■ Exercise brief
An exact transcription of all the data is required, with every image removed.

■ Supplied information

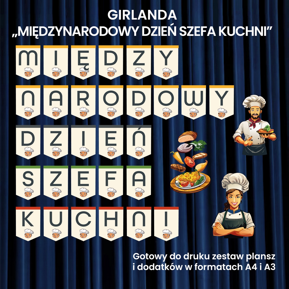 Kolorowa girlanda „Międzynarodowy Dzień Szefa Kuchni” została zaprojektowana tak, by łączyć estetykę z praktycznym zastosowaniem. Wyraziste litery w towarzystwie tematycznych grafik przedstawiających elementy kuchni tworzą harmonijną i efektowną całość. Plik PDF w dwóch rozmiarach liter można wydrukować wielokrotnie, a po zalaminowaniu będzie służyć przez wiele kolejnych lat.
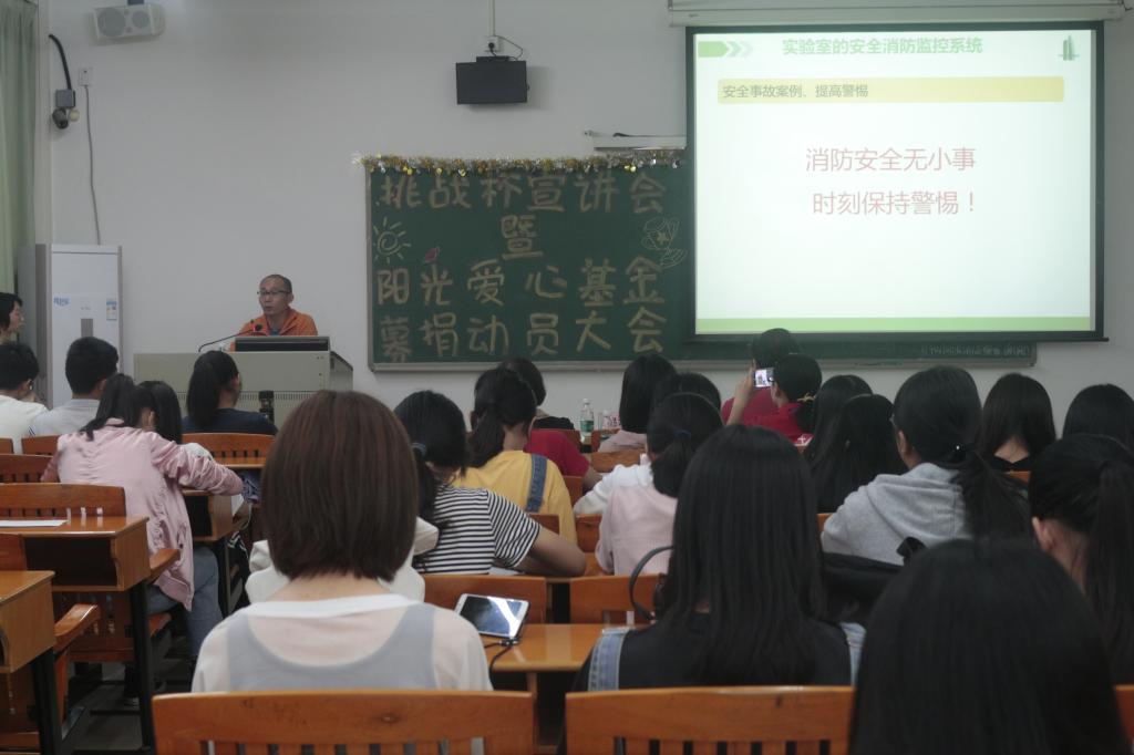 陈军老师在会上提到我院实验室的安全设施很完善,但是在上周还是发生了由于学生插座使用不当而引起实验室断电,插座着火的安全问题,他提醒我们不要认为安全问题离我们很遥远,其实就在我们身边,我们要时刻把安全问题放在首位。
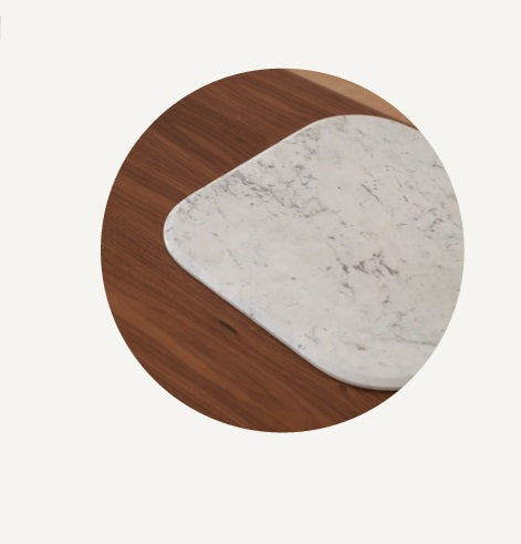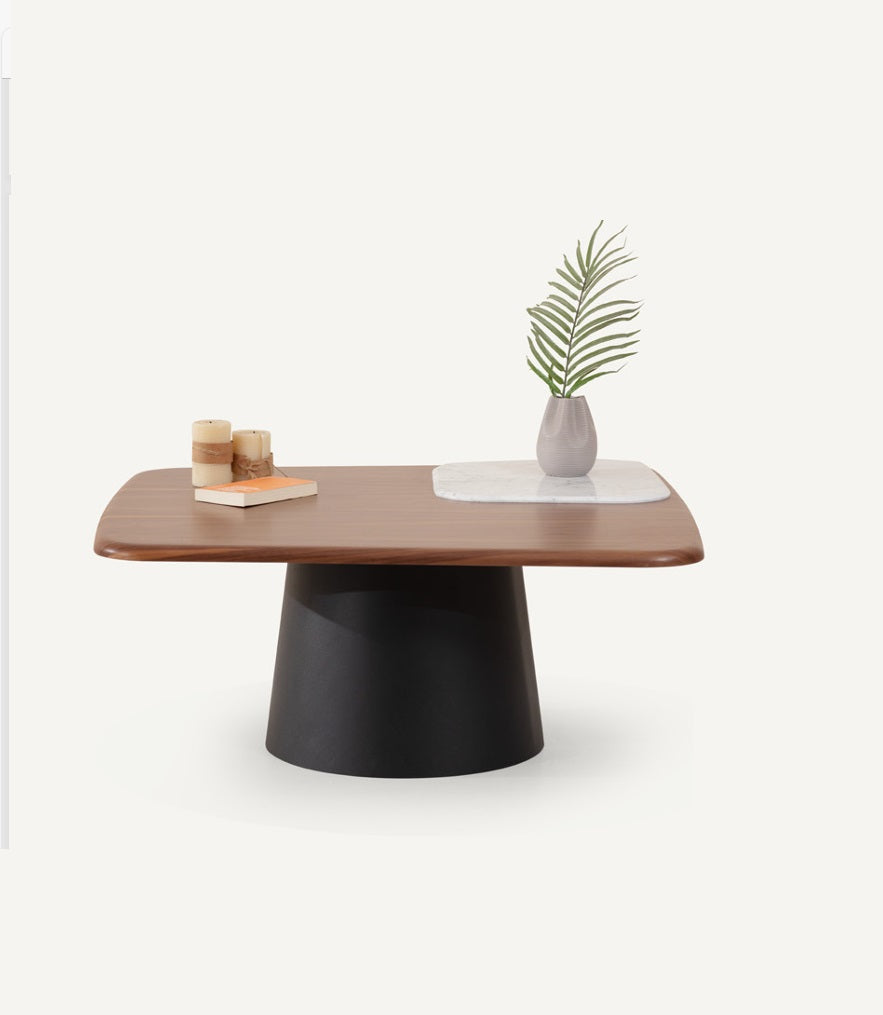 Ein Couchtisch mit skulpturaler Basis und weichen Kanten.

■ Solution to this task
 Kolorowa girlanda „Międzynarodowy Dzień Szefa Kuchni” została zaprojektowana tak, by łączyć estetykę z praktycznym zastosowaniem. Wyraziste litery w towarzystwie tematycznych grafik przedstawiających elementy kuchni tworzą harmonijną i efektowną całość. Plik PDF w dwóch rozmiarach liter można wydrukować wielokrotnie, a po zalaminowaniu będzie służyć przez wiele kolejnych lat.
 陈军老师在会上提到我院实验室的安全设施很完善,但是在上周还是发生了由于学生插座使用不当而引起实验室断电,插座着火的安全问题,他提醒我们不要认为安全问题离我们很遥远,其实就在我们身边,我们要时刻把安全问题放在首位。
 Ein Couchtisch mit skulpturaler Basis und weichen Kanten.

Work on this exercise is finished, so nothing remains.